Open sparkumr opened 6 months ago

sparkumr commented 6 months ago

stereo.core.StPipeline.find_marker_genes: The set control group cannot be identified in the multi-sample, and when the program is running, it will only compare the difference between the case group and all the other groups

tanliwei-coder commented 6 months ago

I don't clear how you run find_marker_genes with multi-sample, could you show me your codes?

sparkumr commented 6 months ago

import sys import os from natsort import natsorted import stereo as st from stereo.core.ms_data import MSData from stereo.core.ms_pipeline import slice_generator import matplotlib.pyplot as plt import dill import warnings from stereo.algorithm.co_occurrence import CoOccurrence from stereo.core.ms_pipeline import slice_generator import pandas as pd import numpy as np warnings.filterwarnings('ignore')

    data_dir = '/public/home/sangchl/work_result/Spatial_Transcriptomics/register/3/intergrate_sc_spa/data'

    data_list=[]
    for fn in os.listdir(data_dir):
            data_list.append(os.path.join(data_dir, fn))

    data_list = natsorted(data_list)

    ms_data = MSData(_relationship='other', _var_type='intersect')

    for sample in data_list:
            ms_data += st.io.read_gef(file_path=sample, bin_type='cell_bins')

    ms_data.names=['Control','Ccnk']
    ms_data.integrate()
    ms_data.tl.cal_qc(scope=slice_generator[:],mode='integrate')

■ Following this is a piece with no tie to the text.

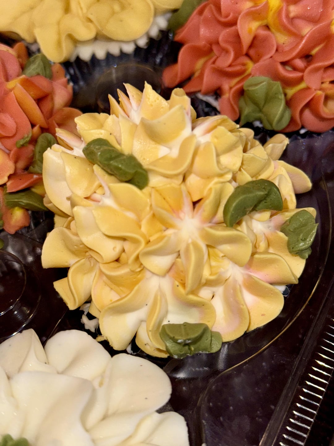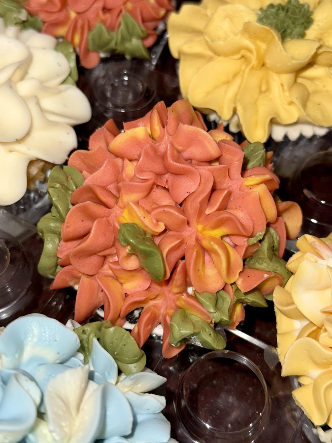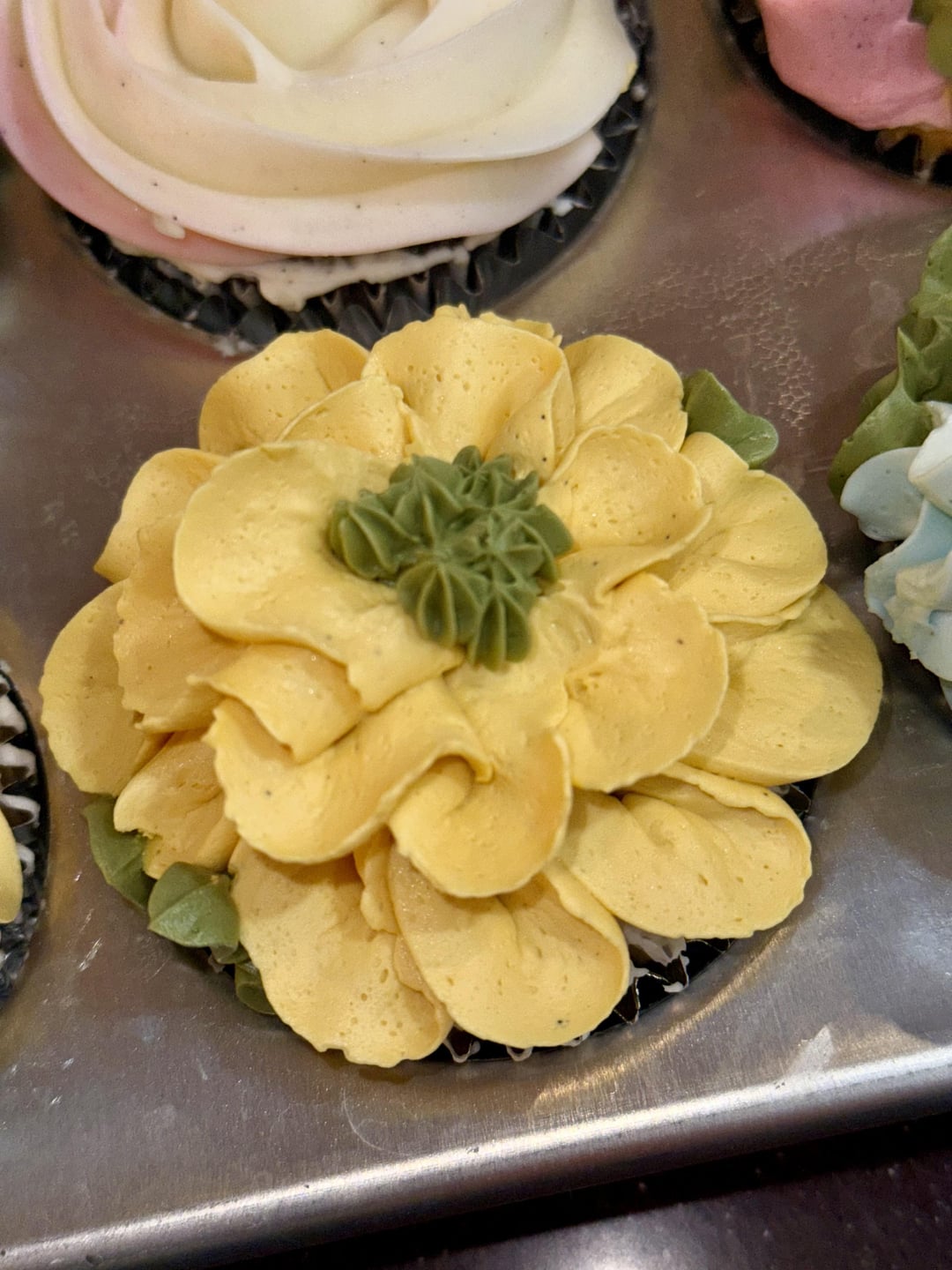 I see the vanilla specks in the frosting and I think it is a nice touch. It makes them feel extra fancy. I would like to know how you made the flowers with the yellow stamen in the middle. Very good detail.

    ms_data.plt.spatial_scatter(
            scope=slice_generator[:],
            mode='integrate',
            plotting_scale_width=10,          # the width of scale
            reorganize_coordinate=4,          # the number of plots in each row
            horizontal_offset_additional=20,  # adjustment for horizontal distance
            vertical_offset_additional=20     # adjustment for vertical distance
            )
    ms_data.tl.filter_cells(min_gene=20, min_n_genes_by_counts=3, pct_counts_mt=5, scope=slice_generator[:], mode='integrate', inplace=True)
    ms_data.tl.raw_checkpoint()
    ms_data.tl.normalize_total(target_sum=10000)
    ms_data.tl.log1p()
    ms_data.tl.highly_variable_genes(
            min_mean=0.0125,
            max_mean=3,
            min_disp=0.5,
            n_top_genes=2000,
            res_key='highly_variable_genes',
            scope=slice_generator[:],
            mode='integrate'
            )
    ms_data.plt.highly_variable_genes(res_key='highly_variable_genes')
    ms_data.tl.scale(max_value=10, zero_center=True)

    ms_data.tl.pca(
            use_highly_genes=False,
            n_pcs=30,
            res_key='pca',
            scope=slice_generator[:],
            mode='integrate'
            )
    ms_data.tl.neighbors(
            pca_res_key='pca',
            n_pcs=30,
            res_key='neighbors',
            scope=slice_generator[:],
            mode='integrate'
            )

    ms_data.tl.umap(
            pca_res_key='pca',
            neighbors_res_key='neighbors',
            res_key='umap',
            scope=slice_generator[:],
            mode='integrate'
            )

    ms_data.tl.louvain(
            neighbors_res_key='neighbors',
            res_key='louvain',
            scope=slice_generator[:],
            mode='integrate'
            )

    annotation_dict = {
            '1':'VLMC',
            '2':'VLMC',
            '3':'VLMC',
            '4':'Immature Neurons',
            '5':'Red Blood Cell',
            '6':'Apical Progenitors 1',
            '7':'Apical Progenitors 2',
            '8':'Apical Progenitors 3',
            '9':'Apical Progenitors 4',
            '10':'Medial Forebrain Progenitors 1',
            '11':'unknown',
            '12':'VLMC',
            '13':'VLMC',
            '14':'Medial Forebrain Progenitors 2',
            '15':'Microglia'
            }

    ms_data.tl.annotation(
            annotation_information=annotation_dict,
            cluster_res_key='louvain',
            res_key='anno_louvain'
            )

    ms_data.tl.find_marker_genes(cluster_res_key='anno_louvain',
                                    output='/public/home/sangchl/work_result/Spatial_Transcriptomics/register/3/intergrate_sc_spa/'+ case + 'vs' + control + ".csv", 
                                    use_highly_genes=False,
                                    use_raw =True,
                                    case_groups=case,
                                    control_groups=control)
sparkumr commented 6 months ago

The case group and the control group here are the cell subsets I commented, and it can be run, but it doesn't seem to be used for the control group information

tanliwei-coder commented 4 months ago

In your case, the case_groups and control_groups must be a group or a list of groups in the anno_louvain, I don't see that what values you set into them, and, how did you judge the control group didn't be used?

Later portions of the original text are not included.